Я все думал, что Эдвард станет такой фигурой, несмотря на кажущееся нежелание проталкиваться. Он был язвительным, широко цитируемым журналистом; представительный, неглупый – он очень подходил для этой роли. Не знаю, почему он продолжал со мной общаться, выделив из остальных университетских друзей. Мы никогда не были особенно близки. Может быть, по привычке, возникшей в силу нашего соседства в Кеннингтоне, может быть, ему нравилось порой поговорить с кем-то, не принадлежащим к его теперешнему миру, а может быть, ему хотелось иметь ученика.
Ибо я был именно учеником. Я не сомневался, что он на пороге великих свершений, и считал знакомство с ним большой для себя честью. Признаться, на задворках сознания мелькала у меня смутная мысль, что когда-нибудь за мной станут гоняться биографы и телекорреспонденты. И неважно, что дружба получалась несколько односторонней – только такой она и могла быть. Примерно раз в три недели я ему звонил. Он звонил мне редко, а зашел, кажется, всего один раз, когда хотел взять на вечер мою машину. Затем я отправлялся к нему на кофе, виски и беседу. Иногда мы выходили куда-нибудь съесть карри или пиццу. Эдвард ел все подряд, совершенно не заботясь о том, что ест; если он не был голоден, то вовсе не интересовался этой проблемой, проголодавшись, глотал что угодно, где угодно и когда угодно. Его холодильник почти всегда был пуст, если не считать пакета молока для чая и кофе, нескольких кусков нарезанного хлеба прямо в упаковке и пачки новозеландского масла, – так было все те годы, пока он жил один. Он был всеяден. Помню, однажды он сказал, что в плане идей тоже всеяден. Но было это сказано до того, как все началось, или после, не помню.

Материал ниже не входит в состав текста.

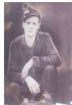
Isaac "Potter" Potter

Pred rokom 1337, z ktorého pochádza najstaršia písomná zmienka o osade Seunich – neskoršej Novej Bane, narazili na tomto území ťažiarci z Pukanca na zlatonosné žily. Zo vzrastu počtu mlynov na drvenie rudy možno usudzovať, že boli veľmi výnosné. V roku 1345 získala postavenie slobodného kráľovského a banského mesta a postupne dostala i výsady: právo trhu, právo meča, míľové právo. Najväčší rozmach baníctva a stredovekého mesta je zaznamenaný v 2. polovici 14. storočia, kedy sa Nová Baňa zaradila medzi sedem hornouhorských banských miest. Po krátkej epoche rozkvetu, zažíva však mesto, vtiahnuté do víru vnútorných nepokojov v Uhorsku a protitureckých vojen jednu ranu osudu za druhou – zničenie mesta Turkami v roku 1664, stavovské povstania a morovú epidémiu, ktoré mesto v 17. storočí takmer vyľudnili. Problémy spodnej vody v baniach negatívne pôsobili i na ďalší rozvoj baníctva. Zatopené banské diela mal zachrániť atmosferický ohňový zdroj, zostrojený v roku 1722 anglickým konštruktérom Isaacom Potterom . Bol to prvý parný stroj na Európskom kontinente. V roku 1723 tu vzniká účastinná spoločnosť na ťažbu zlata. Striedajúc úspechy s neúspechmi pokračovali ťažiarci v ťažbe do roku 1887, kedy boli tunajšie bane pre nerentabilnosť zatvorené.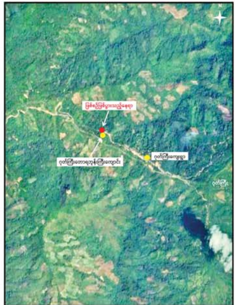
PDF အမည်ခံအကြမ်းဖက်သမားများက အကြောင်းမဲ့ပစ်ခတ်တိုက်ခိုက်ခဲ့မှုကြောင့် ငမဲမြို့နယ် ဂုတ်ကြီးကျေးရွာမှ ဖခင်ဖြစ်သူနှင့် အသက်လေးနှစ်အရွယ် သမီးငယ်တစ်ဦး သေဆုံးခဲ့မှု ဖြစ်စဉ်ပြပုံ

နေပြည်တော် စက်တင်ဘာ ၂၈ မကွေးတိုင်းဒေသကြီး ငမဲမြို့နယ် ဂုတ်ကြီးကျေးရွာမှ ဖခင်နှင့် သမီးငယ်တို့ နှစ်ဦးသည် ကျေးရွာရှိ တောရတနာတော်ကြီးကျောင်းသို့ ဆွမ်းချိုင့်ပို့ရန် သွားရောက်စဉ် PDF အမည်ခံအကြမ်းဖက်သမားများက လက်နက်ငယ်များဖြင့် အကြောင်းမဲ့ပစ်ခတ်ခဲ့ရာ ဖခင်ဖြစ်သူနှင့် အသက်လေးနှစ်အရွယ် သမီးတို့ သေဆုံးခဲ့ကြောင်း သိရသည်။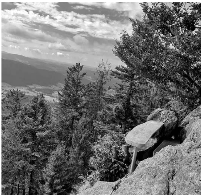
Die Bank am Kleinen Riedelstein lädt zur Rast ein.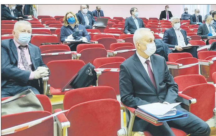
Маски, перчатки и социальная дистанция – депутаты выполняют все меры предосторожности

Сложная эпидемиологическая обстановка не остановила депутатов, ведь в повестке заседания был жизненно важный вопрос для муниципалитета – корректировка бюджета. Дополнительно из областной казны поступили 212,7 миллиона рублей. Большая часть будет потрачена на оснащение новых детсадов и прошедшей капремонт школы №85. Также предусмотрены выплаты нижнетагильским учителям за классное руководство и деньги на приобретение средств дезинфекции для учреждений образования.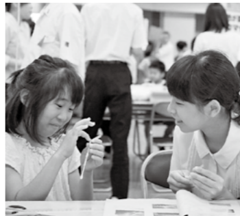
昨年のサイエンスフェスタ

国分高校理数科の生徒と一緒に、スライムや人工イクラなどを作りませんか。 ●日時 7月2日(土) 午前10時～午後2時 ●場所 伊オン単人国分店2階イオンホール ●対象 小中学生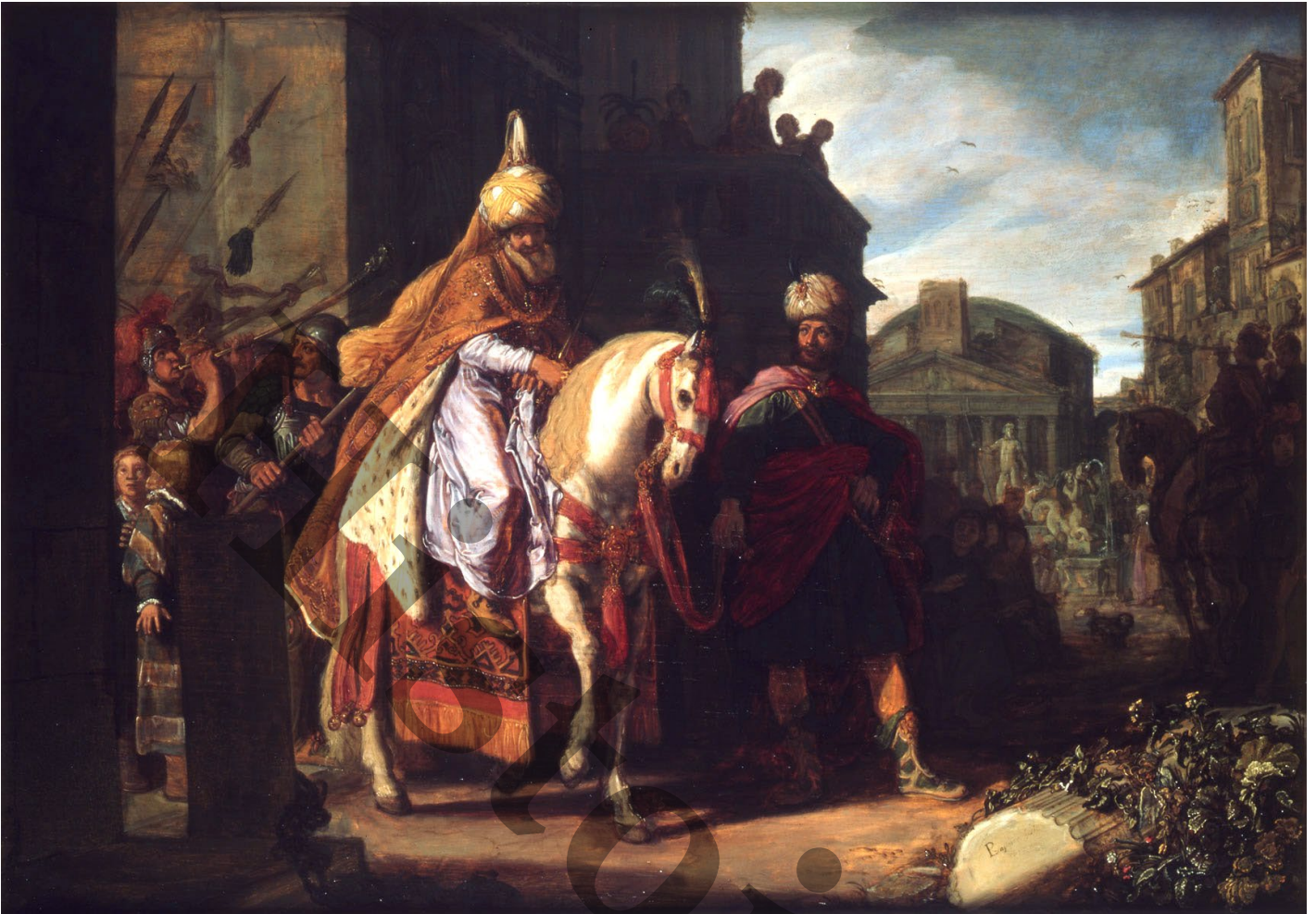
Document 6 : Le triomphe de Mardoché (1624) par Pieter Lastman

При этом он был очень аккуратен, а его квартира выглядела почти пугающе чистой. Он жил на первом этаже высокого стандартного дома весьма мрачного вида с темными и запущенными подъездами и лестницами. Окна большой комнаты выходили прямо на улицу. Его стол стоял у окна – он говорил, что не отвлекается, потому что на тихой улице мало что происходит. Я все гадал, действительно ли это так, или он просто экономит на электричестве, – мой стол стоял у окна именно по этой причине. Сама комната была совсем не такой, как я представлял себе жилище писателя. Не знаю, где мы набираемся таких идей, но помню, что ожидал увидеть там старые книги и трубки – хотя Эдвард тогда не курил, – а также потертые кожаные кресла, огромный старинный стол, камин, старомодную напольную лампу и что-нибудь экзотическое типа черепа или попугая. Вместо этого комната была больнично-белая, с бежевым ковром и с новыми книгами на разборных книжных полках. В ней стояло одно кресло с металлическими подлокотниками, современный офисный стол с вертящимся стулом и переносной лампой, небольшой книжный шкафчик и два радиатора. Камин заложен, ни одной картины. Я не замечал, чтобы Эдвард выказывал интерес к музыке – за исключением краткого периода уже в конце, но собственно к музыке это не имело отношения – или к живописи; он ни в малейшей степени не чувствовал неудобства от отсутствия украшений. Мне нравится загромождать комнату. Если я вижу пустое пространство, то заполняю его – ему же это было безразлично или, наоборот, нравилась пустота. Комната оставляла впечатление холодной – холодной не в смысле температуры, – и пустота это усиливала. Впечатление терпеливого, рассчитанного ожидания.
В этой-то комнате все и началось, во всяком случае для меня, хотя истоки были гораздо глубже. Я стараюсь вспомнить, не намекал ли Эдвард, что ему был какой-то знак, но не припоминается ничего, кроме одного замечания. Возможно, это просто совпадение. Он отказался от телесценария, и я упрекал его в небрежении карьерой. Тогда он повернулся на вертящемся стуле лицом ко мне и улыбнулся своей короткой полуулыбкой. Свет падал так, что половина его лица оставалась в тени.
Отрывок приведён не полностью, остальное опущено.